**Task**
Taking the line with "Cuando China anunció" as the first and the line with "Two people are" as the last, set down the lines below exactly, pictures excluded.

**Records for the exercise**
_ _ _ _ _ _ _

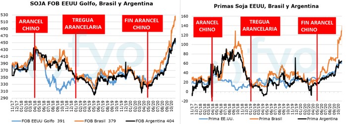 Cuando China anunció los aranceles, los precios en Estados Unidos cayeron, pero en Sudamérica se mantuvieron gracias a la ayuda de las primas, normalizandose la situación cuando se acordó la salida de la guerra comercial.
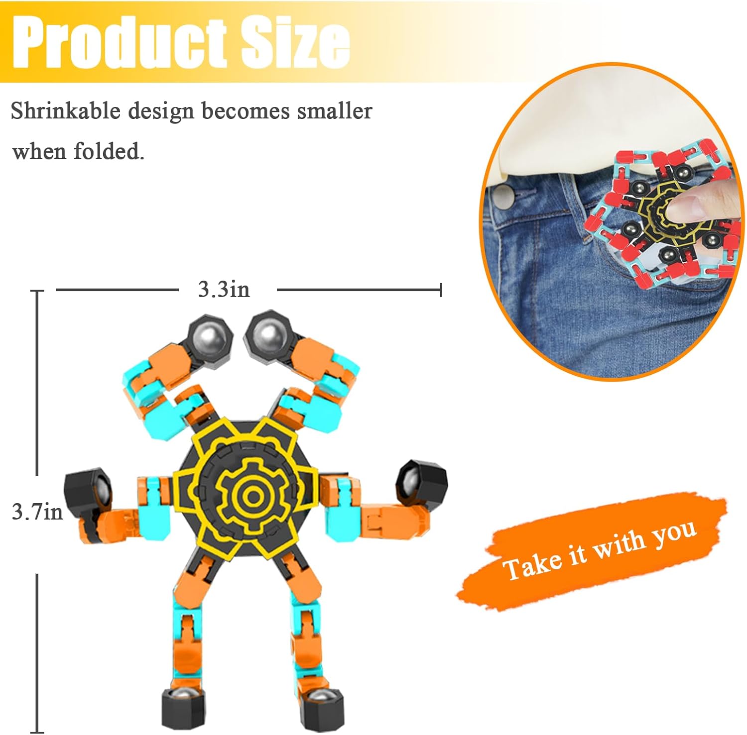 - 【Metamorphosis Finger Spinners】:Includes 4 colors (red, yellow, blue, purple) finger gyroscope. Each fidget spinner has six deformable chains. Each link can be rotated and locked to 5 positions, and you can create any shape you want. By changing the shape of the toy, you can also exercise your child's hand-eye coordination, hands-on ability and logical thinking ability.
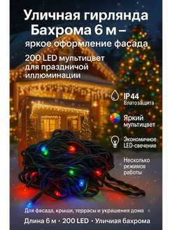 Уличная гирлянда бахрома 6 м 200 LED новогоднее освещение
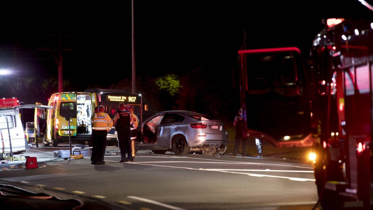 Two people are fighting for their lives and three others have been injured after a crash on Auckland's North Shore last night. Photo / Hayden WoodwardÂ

_ _ _ _ _ _ _

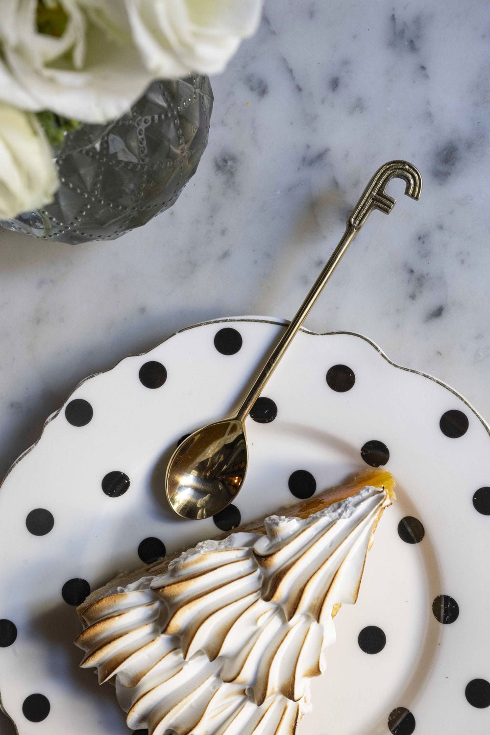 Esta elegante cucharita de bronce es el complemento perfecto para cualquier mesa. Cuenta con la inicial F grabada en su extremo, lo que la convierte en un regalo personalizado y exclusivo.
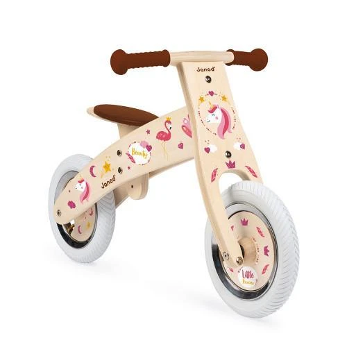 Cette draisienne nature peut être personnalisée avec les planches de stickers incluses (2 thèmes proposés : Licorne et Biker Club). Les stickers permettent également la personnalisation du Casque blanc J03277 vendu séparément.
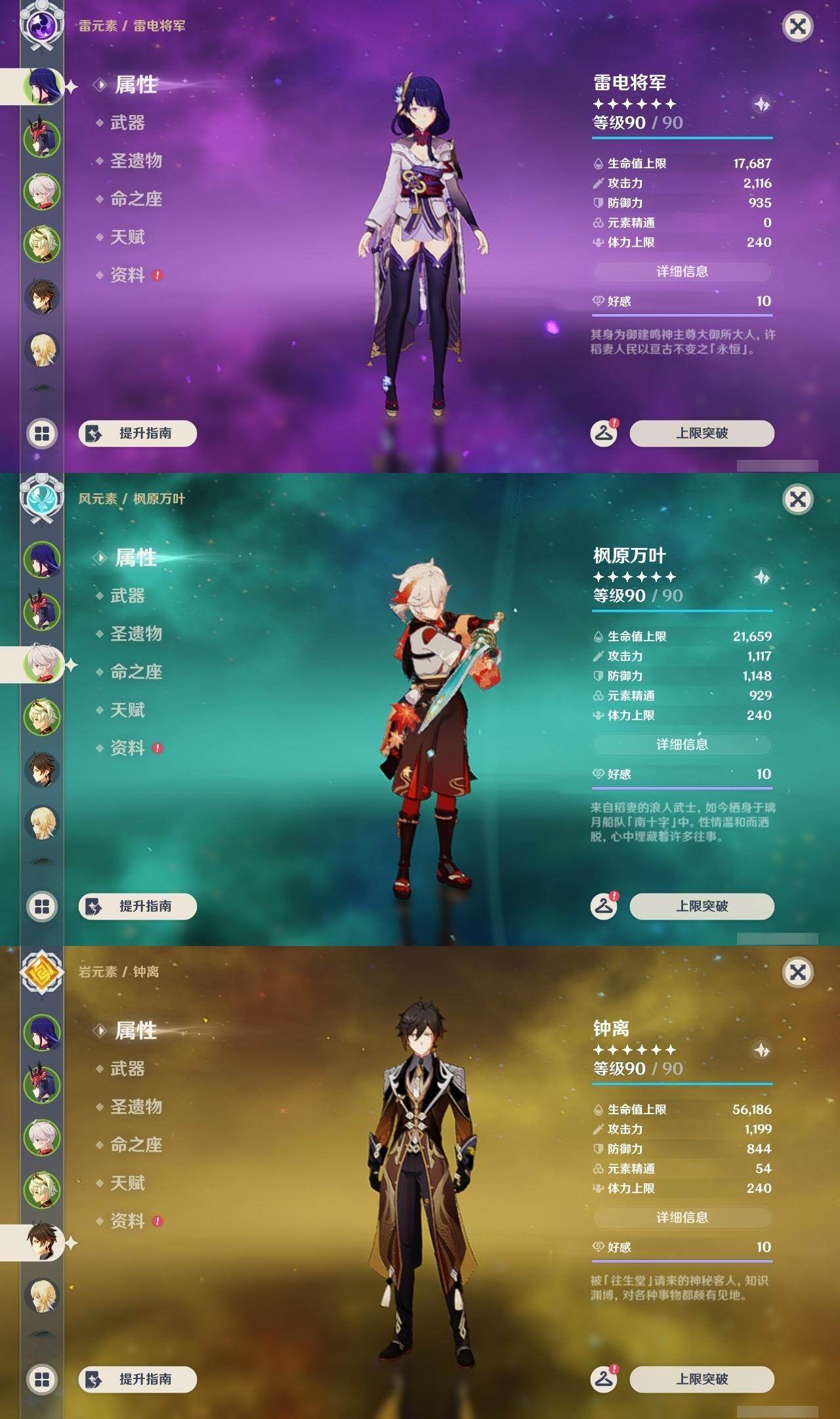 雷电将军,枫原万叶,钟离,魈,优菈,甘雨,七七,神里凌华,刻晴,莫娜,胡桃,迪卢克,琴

_ _ _ _ _ _ _

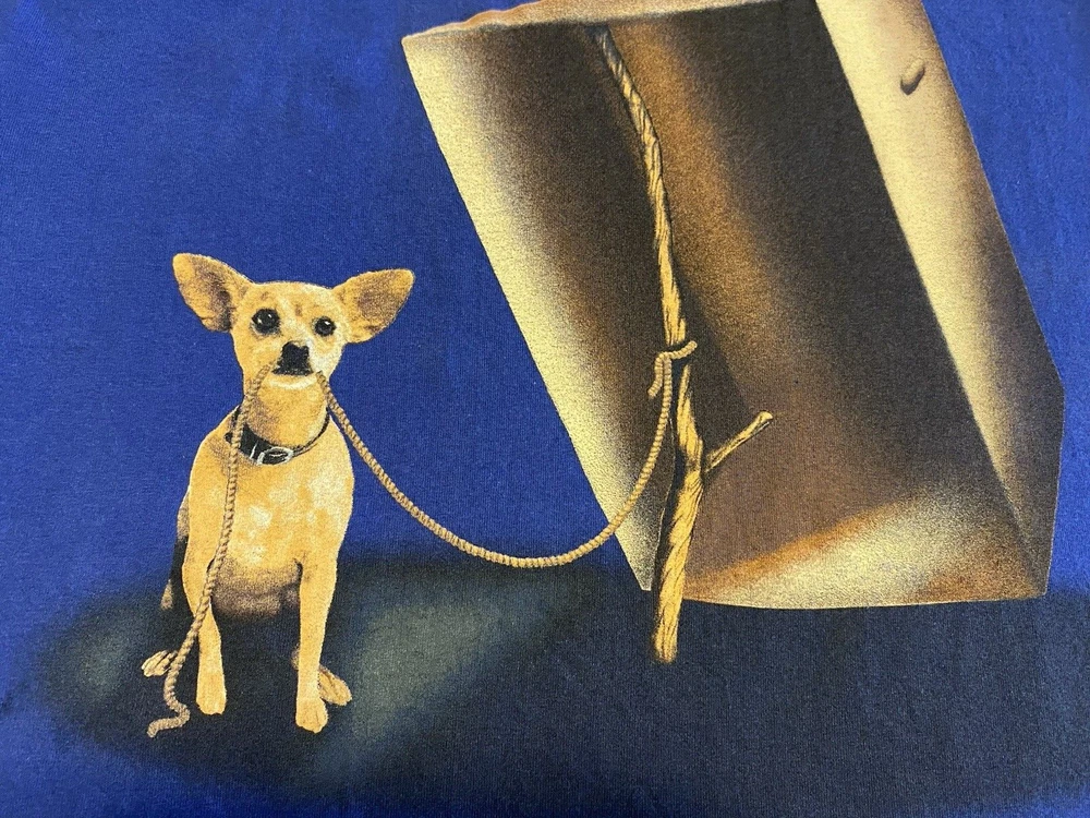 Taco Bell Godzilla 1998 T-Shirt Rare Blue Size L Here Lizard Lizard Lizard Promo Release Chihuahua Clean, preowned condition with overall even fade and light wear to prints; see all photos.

_ _ _ _ _ _ _

**Output of the task**
 Cuando China anunció los aranceles, los precios en Estados Unidos cayeron, pero en Sudamérica se mantuvieron gracias a la ayuda de las primas, normalizandose la situación cuando se acordó la salida de la guerra comercial.
 - 【Metamorphosis Finger Spinners】:Includes 4 colors (red, yellow, blue, purple) finger gyroscope. Each fidget spinner has six deformable chains. Each link can be rotated and locked to 5 positions, and you can create any shape you want. By changing the shape of the toy, you can also exercise your child's hand-eye coordination, hands-on ability and logical thinking ability.
 Уличная гирлянда бахрома 6 м 200 LED новогоднее освещение
 Two people are fighting for their lives and three others have been injured after a crash on Auckland's North Shore last night. Photo / Hayden WoodwardÂ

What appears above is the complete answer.